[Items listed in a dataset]
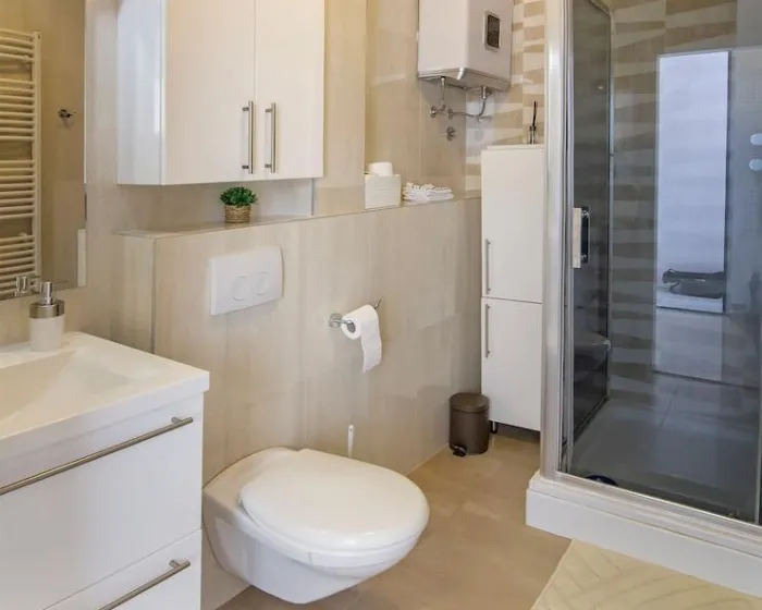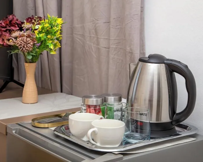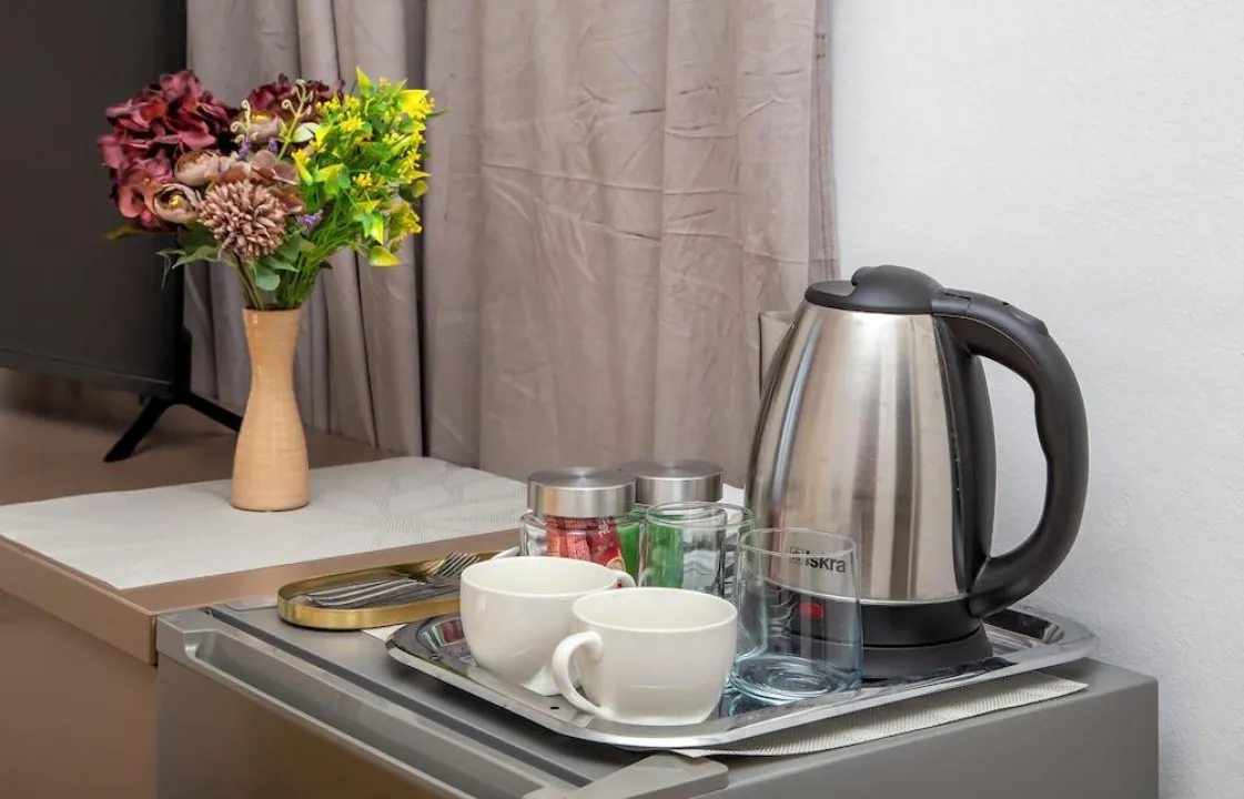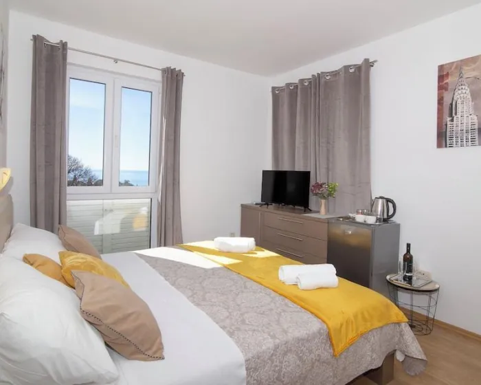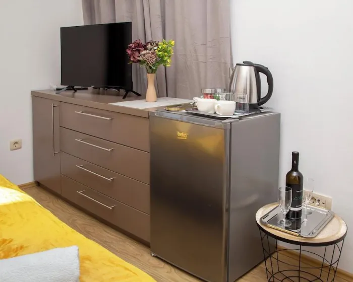 Udobno se smestite u svom klimatizovanom apartmanu, koji ima Smart TV. Opremljenost uključuje električno kuvalo i peglu/daščicu za peglanje.
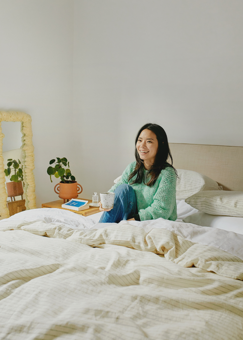 Her favourite furniture item is her bedroom set, which was made from honey-hued wood by designer Milo Baughman for Lane Furniture – a gorgeous match for Bed Threads Olive and Oatmeal linen. The set is beautiful and eye-catching, but it also simply does its job. “Think about function,” Midtbo advises, when it comes to decorating your home. “I like to place things where they make sense. I want to use and touch every piece of furniture in my house.”
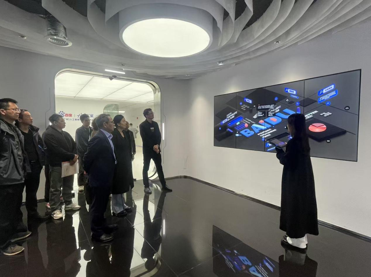首先,调研团队参观了百度飞桨中心展厅。展厅全面展示了百度飞桨在人工智能领域的最新技术成果及跨行业应用案例。教师们通过展厅内丰富的展品、互动体验区和数字人等前沿科技体验,对百度飞桨平台的人工智能技术应用有了更直观且深入的认识。
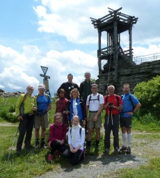 Am 9.6.2012 versammelten sich 11 Optimisten, die Rucksäcke vollgepackt mit Trinkflaschen, Müsliriegeln, Bananen, belegten Broten etc., am Treffpunkt vor der Sparkasse Wunsiedel, um die inzwischen berühmte "12-Gipfel-Tour" im Fichtelgebirge in Angriff zu nehmen. Unser Tourenführer Rainer Rahn erklärte uns die gesamte Tour und informierte uns über die wichtigsten Punkte, u. a. dass der Abschluss der Wanderung das Kösseinehaus sein sollte, wo als Belohnung für diese Tortur eine zünftige Brotzeit und einige malzige Getränke auf uns warten würden. Der Beifall der gesamten Gruppe zeigte, dass dieses Programm allen gefiel. Kurz nach 5 Uhr zwängten wir uns in den Taxibus, der uns zum Kornberg brachte, wo der Start sein sollte. Der Wetterdienst versprach gutes bis ideales Wanderwetter, evtl. begleitet von einigen kurzen Regenschauern, die uns vielleicht streifen könnten. Die Wandergruppe war bunt gemischt; von 17-jährigen Damen, die als absolute Wanderanfängerinnen bis zur Hälfte der Tour mitmachen wollten, bis zu einigen älteren aber gut trainierten Herren jenseits der 60.
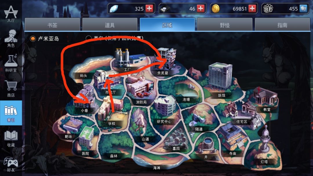 在小巷、贫民窟找手镯做九分金顺便打自闭头。在小巷摸到跑鞋可以带着。
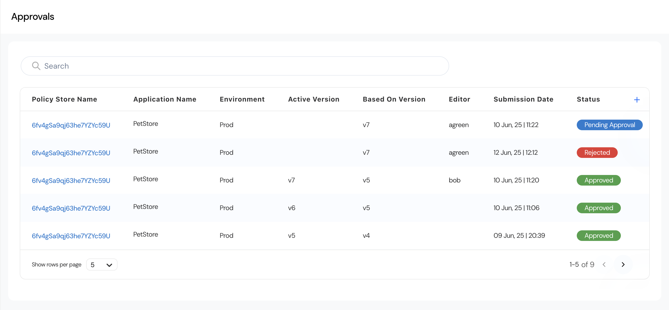 Submission Date | The date and time when the policy was submitted for approval (e.g., 10 Jun, 25 11:22 ). |
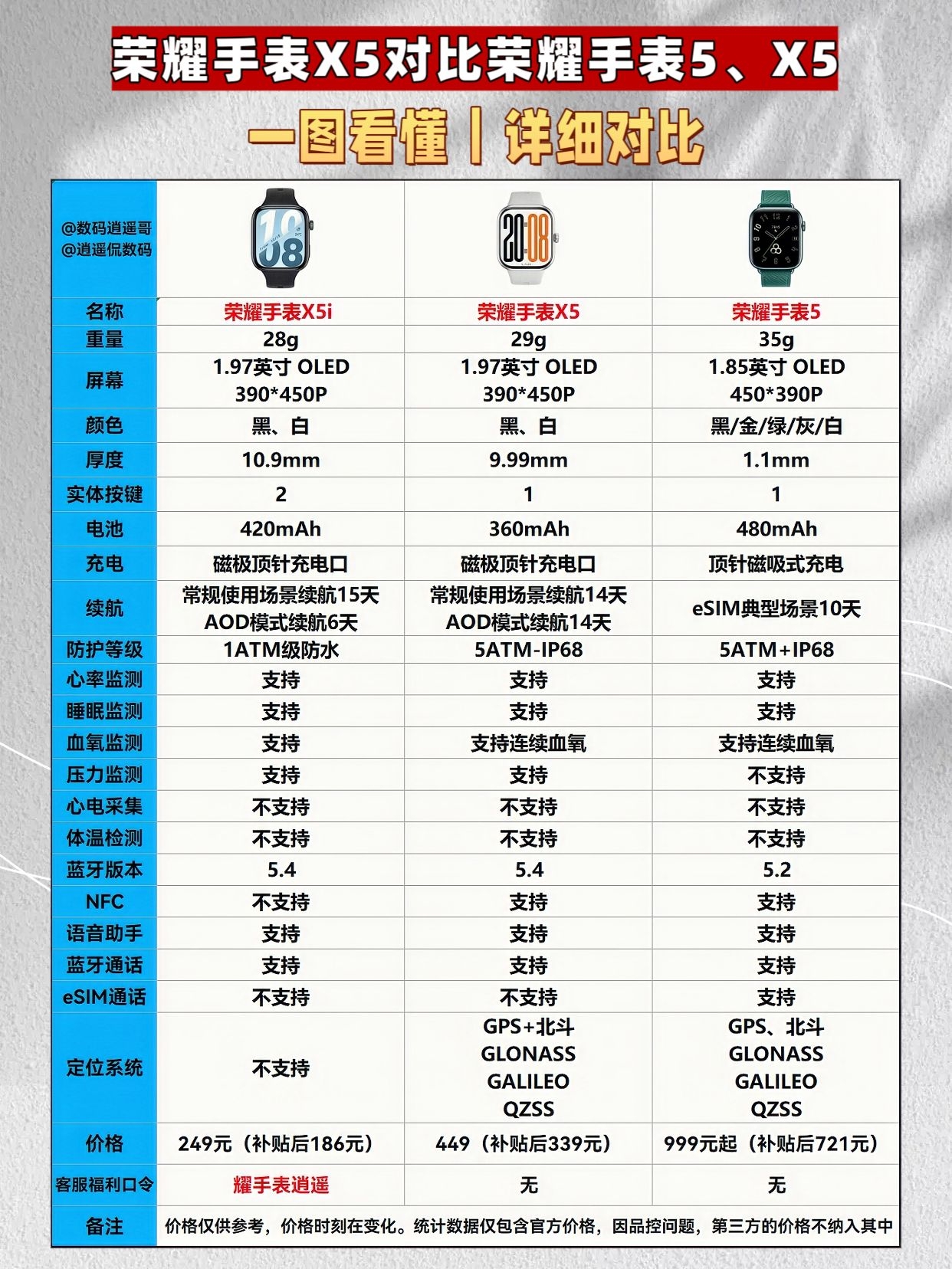 荣耀手表X5i优缺点汇总 9天真实体验感受分享 荣耀手表X5i用了几天时间了,结合大家前几天问的问题和我的使用体验,谈谈这款手表的优缺点 优点:(颜值、佩戴感、基础健康监测功能、生态和续航) 1.外观与佩戴体验出色,机身精致且金属质感中框搭配不锈钢旋转表冠,操作手感顺滑。无论是手感还是质感在这个价位挑不出毛病。 2.基础功能齐全且实用,搭载24小时心率、血氧、压力等健康监测功能,一键检测出数...
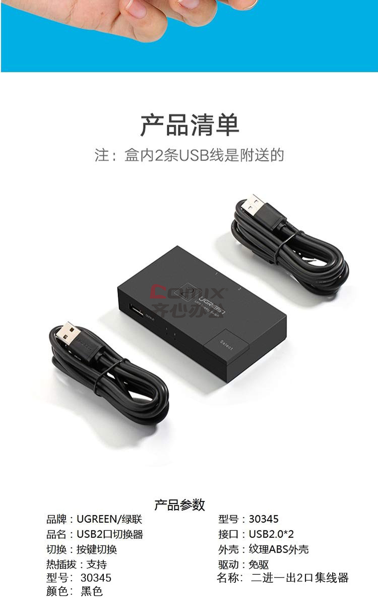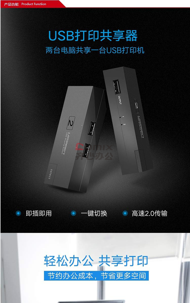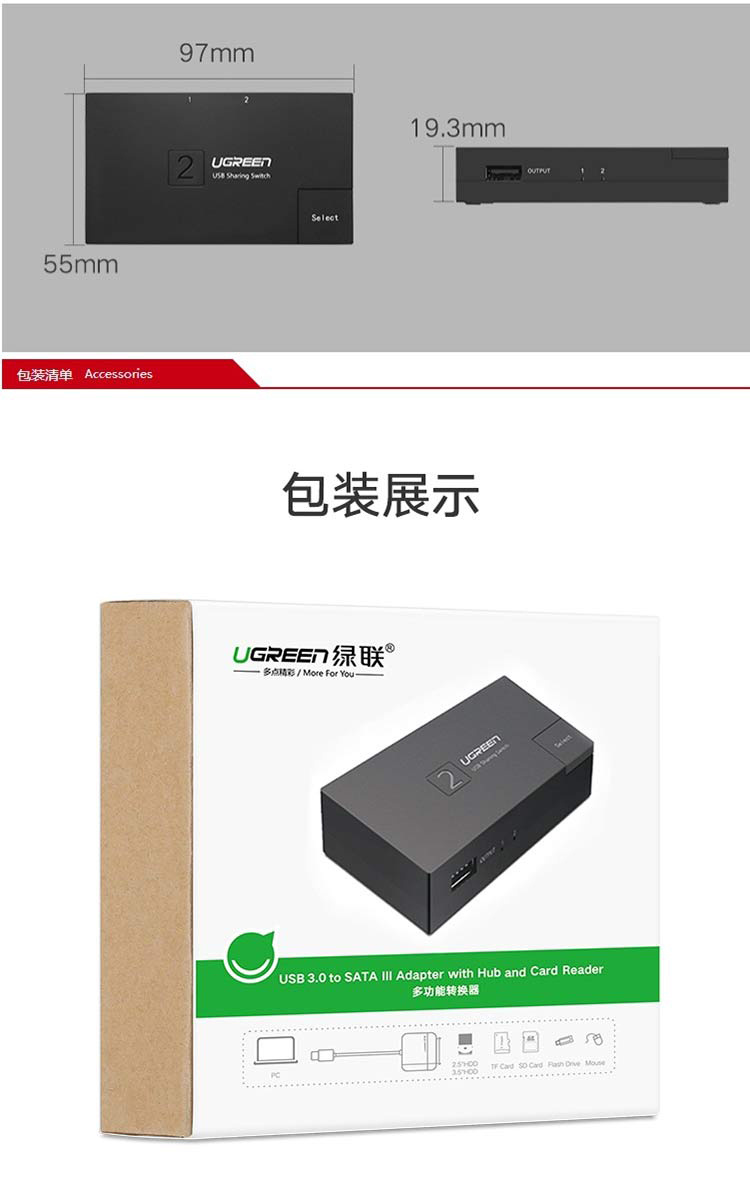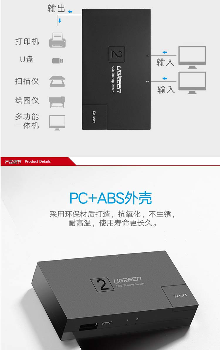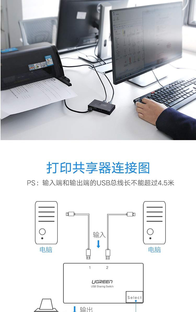 商品名称:绿联 30345 USB打印机共享器二进一出分屏器 单位:个 黑色
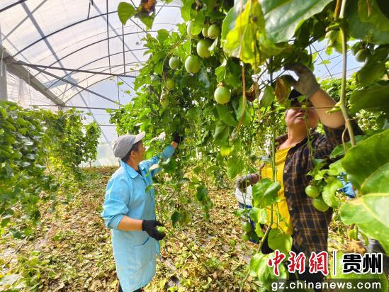 中新网贵州新闻11月5日电(王鹏)当下,正值百香果收获季节,走进贵州省铜仁市万山区敖寨乡中华山村百香果种植基地,只见成片的百香果绿意盎然,翠绿的藤蔓爬满棚架,圆润饱满的百香果缀满枝头,微风吹过,空气中弥漫着淡淡的果香。果农们忙碌地穿梭于一排排百香果藤架间,认真挑选着成熟的百香果,经过分拣、打包、装箱后发往全国各地。
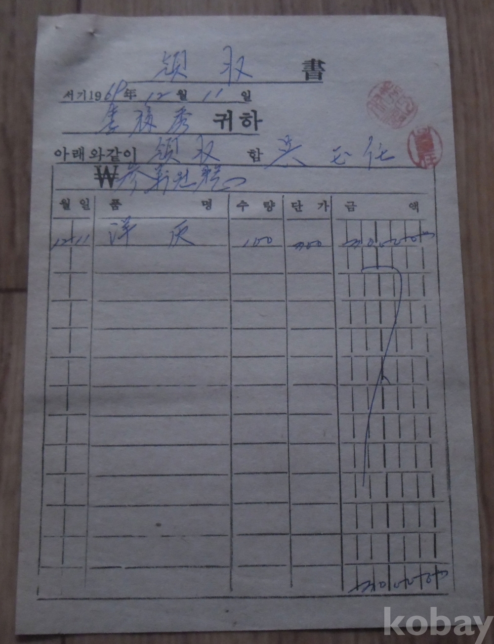 1969년 발행 영수증
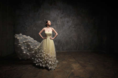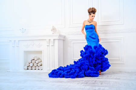 Beautiful young woman in a long evening dress in a vintage interior
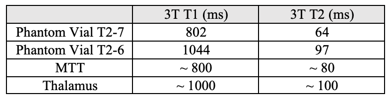 [10] Wansapura, J.P., Holland, S.K., Dunn, R.S., Ball, W.S.J., 1999. NMR relaxation times in the human brain at 3.0 tesla. J Magn. Reson. Imaging, 9(4):531-8.
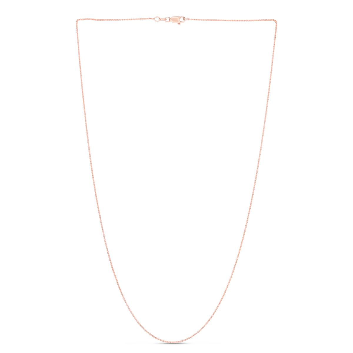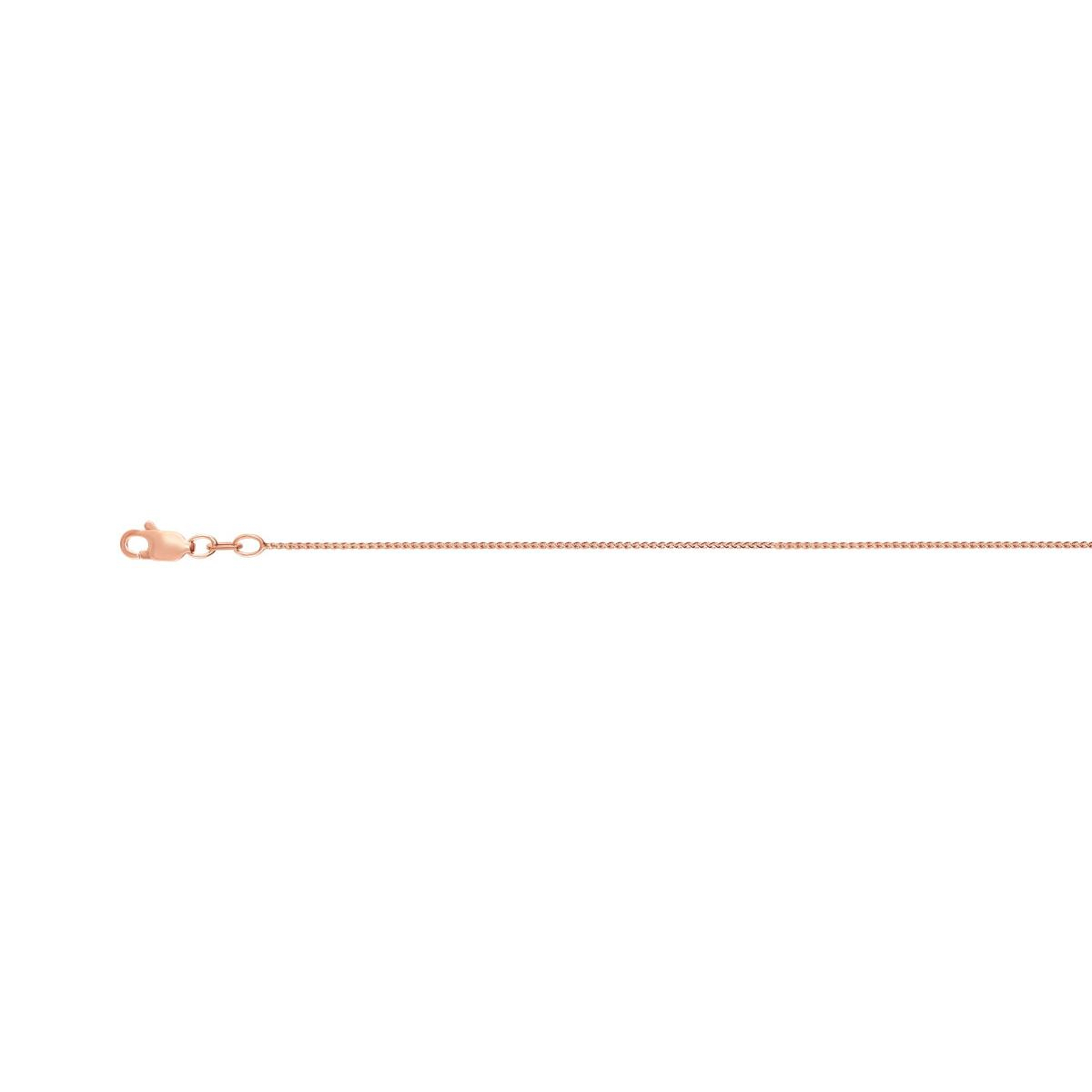 This Women's Chain feature a Lobster clasp. Made from k Rose Gold with a Wheat link type and Solid fitting. This Chain measures 18 inches in length and 0.6 mm in width. It color diamonds and a design
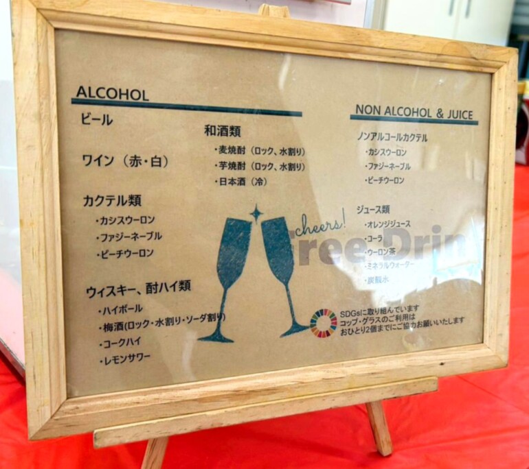 他にもカクテル・ワイン(赤・白)・ウイスキー・酎ハイ類からノンアルコール・ジュースまで

> **Work instruction**: Restate word for word only the lines from where the entries begin through the one with "Submission Date |"; omit the pictures.

> **Solution for this problem**:
 Udobno se smestite u svom klimatizovanom apartmanu, koji ima Smart TV. Opremljenost uključuje električno kuvalo i peglu/daščicu za peglanje.
 Her favourite furniture item is her bedroom set, which was made from honey-hued wood by designer Milo Baughman for Lane Furniture – a gorgeous match for Bed Threads Olive and Oatmeal linen. The set is beautiful and eye-catching, but it also simply does its job. “Think about function,” Midtbo advises, when it comes to decorating your home. “I like to place things where they make sense. I want to use and touch every piece of furniture in my house.”
首先,调研团队参观了百度飞桨中心展厅。展厅全面展示了百度飞桨在人工智能领域的最新技术成果及跨行业应用案例。教师们通过展厅内丰富的展品、互动体验区和数字人等前沿科技体验,对百度飞桨平台的人工智能技术应用有了更直观且深入的认识。
 Am 9.6.2012 versammelten sich 11 Optimisten, die Rucksäcke vollgepackt mit Trinkflaschen, Müsliriegeln, Bananen, belegten Broten etc., am Treffpunkt vor der Sparkasse Wunsiedel, um die inzwischen berühmte "12-Gipfel-Tour" im Fichtelgebirge in Angriff zu nehmen. Unser Tourenführer Rainer Rahn erklärte uns die gesamte Tour und informierte uns über die wichtigsten Punkte, u. a. dass der Abschluss der Wanderung das Kösseinehaus sein sollte, wo als Belohnung für diese Tortur eine zünftige Brotzeit und einige malzige Getränke auf uns warten würden. Der Beifall der gesamten Gruppe zeigte, dass dieses Programm allen gefiel. Kurz nach 5 Uhr zwängten wir uns in den Taxibus, der uns zum Kornberg brachte, wo der Start sein sollte. Der Wetterdienst versprach gutes bis ideales Wanderwetter, evtl. begleitet von einigen kurzen Regenschauern, die uns vielleicht streifen könnten. Die Wandergruppe war bunt gemischt; von 17-jährigen Damen, die als absolute Wanderanfängerinnen bis zur Hälfte der Tour mitmachen wollten, bis zu einigen älteren aber gut trainierten Herren jenseits der 60.
 在小巷、贫民窟找手镯做九分金顺便打自闭头。在小巷摸到跑鞋可以带着。
 Submission Date | The date and time when the policy was submitted for approval (e.g., 10 Jun, 25 11:22 ). |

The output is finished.